In other words, the * is sometimes allowed to represent a null and sometimes its not.
posted by vacapinta at 10:38 AM on March 8, 2005


I can't seem to get it to work either.

This is a cool feature when it works. Like you, I found it via languagelog, except I first noticed it in this post, which I think most people here will appreciate it. I've tried to construct a query to search for the Metafilter: blah blah blah in-joke, but with limited success so far.
posted by casu marzu at 11:02 AM on March 8, 2005


Best answer: Could someone explain this more clearly? Its not that different *numbers* of results are coming back but that different *types* of results are coming back.

There isn't just one "Google"; when you do a search on Google the results you get back come from any one of 59 datacenters operated by Google, and during update periods the different datacenters will often be out of synch with each other; hence, during updates you sometimes get strange results when you do the same search multiple times.

If you're interested, this page lets you run a search on specific datacenters, one at a time or simultaneously.
posted by ubernostrum at 12:27 PM on March 8, 2005


ubernostrum, I understand that there isnt one Google and, in general how distributed processing works.

My question is that there seems to be an inconsistency between how different servers interpret the phrase "mercury * earth" as either allowing "mercury earth" to be an acceptable return or only allowing phrases like "mercury venus earth"

To me, that seems like an inconsistency in the parser not in the dataset. But as I understand it, it seems that even featuresets get rolled out across datacenters (right?) so a certain syntax may return a valid result in one datacenter but an error in another (or unexpected behavior)

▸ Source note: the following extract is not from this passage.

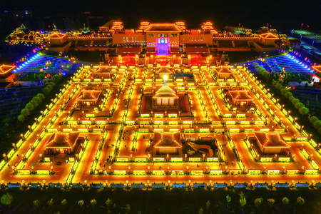 屋兰古镇景区位于甘州区碱滩镇古城村,距甘州城区 25 公里。九曲黄河灯阵占地150亩,阵内游步道全长2.4公里,是我省省级非物质文化遗产,2019年1月被上海大世界基尼斯记录评为“中国规模最大的灯阵”。

If so, I understand but thats not what the phrase "reindexing" means to me, which is usually a pure data operation.
posted by vacapinta at 12:44 PM on March 8, 2005


I think the intent of the * is to replace exactly one non-empty word. I wish Google did partial word matches like "there is a house in new *leans", but that doesn't work...
posted by knave at 1:04 PM on March 8, 2005


doesn't local dns caching make this explanation unlikely? i had it changing back and forth on rapid clicks. it seems more like a problem within a single address (which i presume is a less than or equal to a datacentre).
posted by andrew cooke at 1:05 PM on March 8, 2005


vacapinta: when Google is doing a large update, you never know what you're going to get. Searches at different datacenters will return different numbers of results in different order; it's not just a re-ordering of the existing index, it also involves pruning dead pages out of the index, inserting new ones and updating those which have changed.

It used to be that Google did one of those massive, earth-shaking updates every month, but I recall reading that they switched to a "rolling" model a while back, with the large updates happening less frequently.

As to whether it's the cause of this particular issue or not, I couldn't say. But if Google's in an update period, this behavior wouldn't surprise me (also, the different datacenters serve different HTML templates for results pages -- maybe they're not all running the same code).
posted by ubernostrum at 1:42 PM on March 8, 2005


Are there any decent search engines that allow wildcards within words, a la "*leans"?
posted by CunningLinguist at 5:20 PM on March 8, 2005


Best answer: I'm a little late to this thread, but the blog Google Blogoscoped posted about this just yesterday: Google Wildcard Broken.